Stored data entries
--

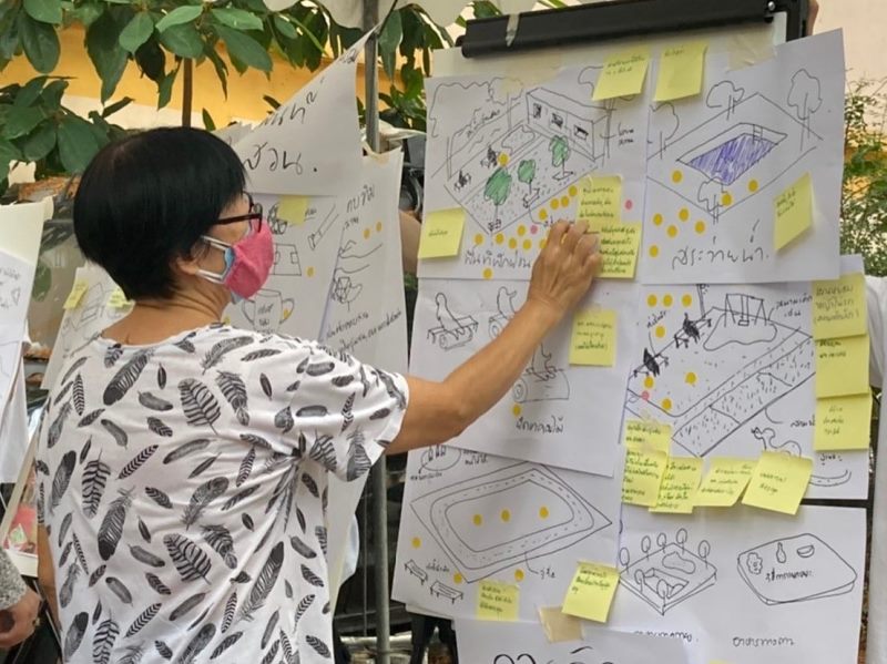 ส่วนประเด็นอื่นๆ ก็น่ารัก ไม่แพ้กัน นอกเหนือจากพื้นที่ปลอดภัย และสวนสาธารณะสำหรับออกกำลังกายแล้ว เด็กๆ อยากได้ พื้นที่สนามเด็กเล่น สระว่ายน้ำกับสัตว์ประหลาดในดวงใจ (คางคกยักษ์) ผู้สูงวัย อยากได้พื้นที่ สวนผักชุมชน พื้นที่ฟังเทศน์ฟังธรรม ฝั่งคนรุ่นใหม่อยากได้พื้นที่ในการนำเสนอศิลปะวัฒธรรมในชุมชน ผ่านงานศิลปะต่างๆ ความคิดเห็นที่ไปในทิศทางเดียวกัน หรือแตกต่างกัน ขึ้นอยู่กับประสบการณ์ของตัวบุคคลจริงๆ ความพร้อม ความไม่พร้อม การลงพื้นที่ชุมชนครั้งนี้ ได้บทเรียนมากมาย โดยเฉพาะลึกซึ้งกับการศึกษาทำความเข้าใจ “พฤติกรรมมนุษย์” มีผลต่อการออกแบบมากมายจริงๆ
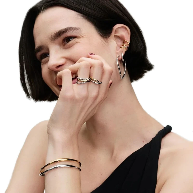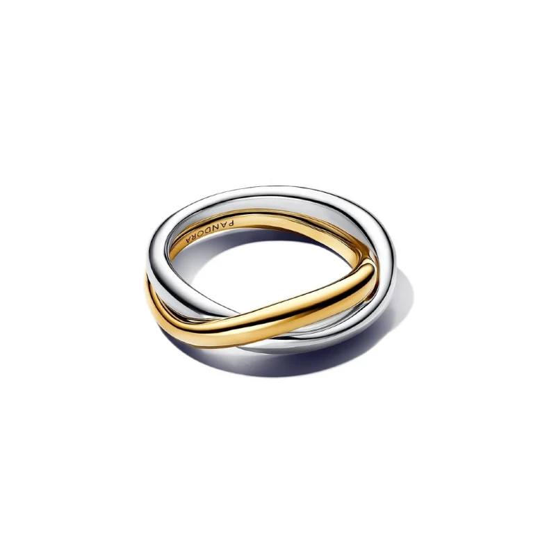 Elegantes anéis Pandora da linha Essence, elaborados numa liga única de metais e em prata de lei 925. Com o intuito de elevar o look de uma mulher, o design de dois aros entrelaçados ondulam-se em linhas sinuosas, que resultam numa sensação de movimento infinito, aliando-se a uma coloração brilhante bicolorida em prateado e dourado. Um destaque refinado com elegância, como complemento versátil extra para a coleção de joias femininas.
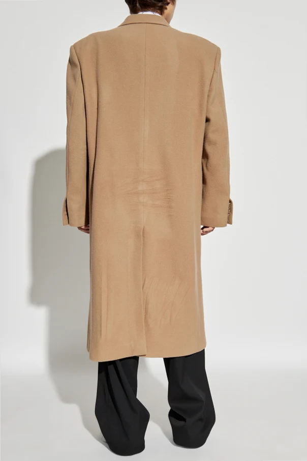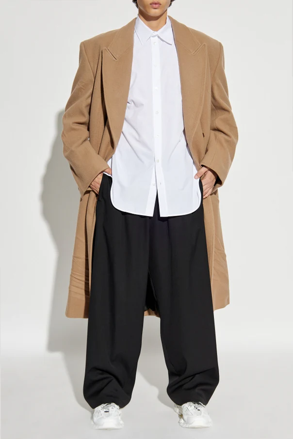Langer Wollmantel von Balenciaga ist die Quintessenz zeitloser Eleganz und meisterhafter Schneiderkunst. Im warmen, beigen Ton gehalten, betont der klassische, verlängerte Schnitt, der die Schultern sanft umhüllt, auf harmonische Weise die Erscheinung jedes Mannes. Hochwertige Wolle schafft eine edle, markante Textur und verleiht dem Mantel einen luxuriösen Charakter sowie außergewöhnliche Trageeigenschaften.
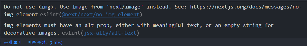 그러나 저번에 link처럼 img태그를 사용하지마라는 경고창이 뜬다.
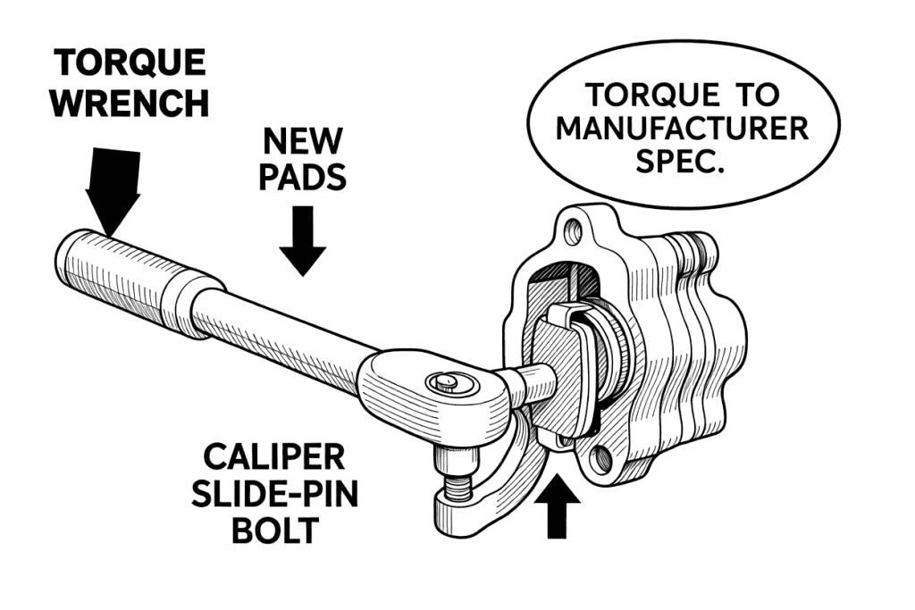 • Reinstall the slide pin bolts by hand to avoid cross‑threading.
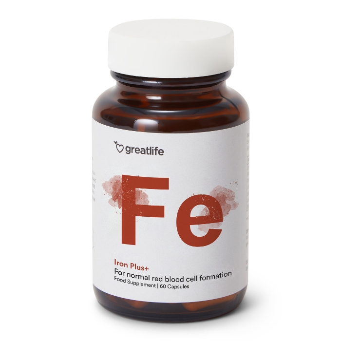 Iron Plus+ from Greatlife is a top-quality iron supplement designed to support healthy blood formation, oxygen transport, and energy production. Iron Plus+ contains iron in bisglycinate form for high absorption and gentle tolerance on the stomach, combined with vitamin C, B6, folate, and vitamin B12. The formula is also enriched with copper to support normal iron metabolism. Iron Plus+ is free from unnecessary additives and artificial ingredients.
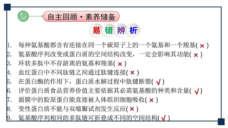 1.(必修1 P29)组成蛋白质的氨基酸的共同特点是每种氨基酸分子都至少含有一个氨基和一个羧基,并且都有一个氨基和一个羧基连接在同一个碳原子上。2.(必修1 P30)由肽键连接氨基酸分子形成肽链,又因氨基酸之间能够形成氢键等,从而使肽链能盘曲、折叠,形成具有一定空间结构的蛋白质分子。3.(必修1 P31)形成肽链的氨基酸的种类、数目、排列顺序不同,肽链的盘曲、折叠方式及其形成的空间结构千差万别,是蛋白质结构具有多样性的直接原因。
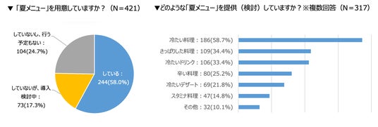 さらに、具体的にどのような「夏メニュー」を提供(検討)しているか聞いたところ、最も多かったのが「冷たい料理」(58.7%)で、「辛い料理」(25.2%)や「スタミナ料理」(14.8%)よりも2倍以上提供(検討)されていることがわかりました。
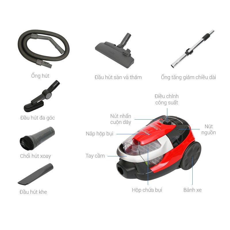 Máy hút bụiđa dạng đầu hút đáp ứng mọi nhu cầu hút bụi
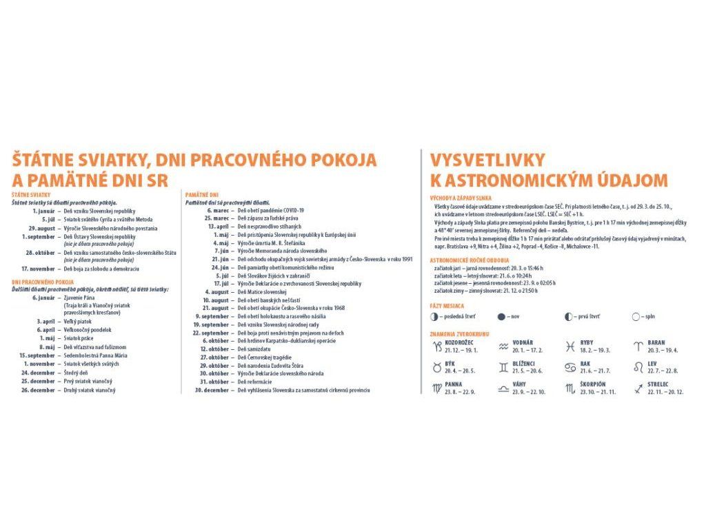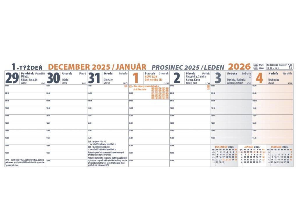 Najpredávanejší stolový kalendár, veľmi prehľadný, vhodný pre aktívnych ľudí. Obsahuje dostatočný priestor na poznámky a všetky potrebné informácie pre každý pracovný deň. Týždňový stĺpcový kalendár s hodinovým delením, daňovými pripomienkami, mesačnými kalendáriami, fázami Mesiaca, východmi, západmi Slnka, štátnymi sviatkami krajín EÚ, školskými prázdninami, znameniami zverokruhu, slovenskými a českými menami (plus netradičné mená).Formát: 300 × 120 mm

--

# [Your goal]
The copy must start at the line containing "to avoid cross‑threading." and end at the last line of the records, matching each line exactly and holding no pictures.

# [Solution below]
 • Reinstall the slide pin bolts by hand to avoid cross‑threading.
 Iron Plus+ from Greatlife is a top-quality iron supplement designed to support healthy blood formation, oxygen transport, and energy production. Iron Plus+ contains iron in bisglycinate form for high absorption and gentle tolerance on the stomach, combined with vitamin C, B6, folate, and vitamin B12. The formula is also enriched with copper to support normal iron metabolism. Iron Plus+ is free from unnecessary additives and artificial ingredients.
 1.(必修1 P29)组成蛋白质的氨基酸的共同特点是每种氨基酸分子都至少含有一个氨基和一个羧基,并且都有一个氨基和一个羧基连接在同一个碳原子上。2.(必修1 P30)由肽键连接氨基酸分子形成肽链,又因氨基酸之间能够形成氢键等,从而使肽链能盘曲、折叠,形成具有一定空间结构的蛋白质分子。3.(必修1 P31)形成肽链的氨基酸的种类、数目、排列顺序不同,肽链的盘曲、折叠方式及其形成的空间结构千差万别,是蛋白质结构具有多样性的直接原因。
 さらに、具体的にどのような「夏メニュー」を提供(検討)しているか聞いたところ、最も多かったのが「冷たい料理」(58.7%)で、「辛い料理」(25.2%)や「スタミナ料理」(14.8%)よりも2倍以上提供(検討)されていることがわかりました。
 Máy hút bụiđa dạng đầu hút đáp ứng mọi nhu cầu hút bụi
 Najpredávanejší stolový kalendár, veľmi prehľadný, vhodný pre aktívnych ľudí. Obsahuje dostatočný priestor na poznámky a všetky potrebné informácie pre každý pracovný deň. Týždňový stĺpcový kalendár s hodinovým delením, daňovými pripomienkami, mesačnými kalendáriami, fázami Mesiaca, východmi, západmi Slnka, štátnymi sviatkami krajín EÚ, školskými prázdninami, znameniami zverokruhu, slovenskými a českými menami (plus netradičné mená).Formát: 300 × 120 mm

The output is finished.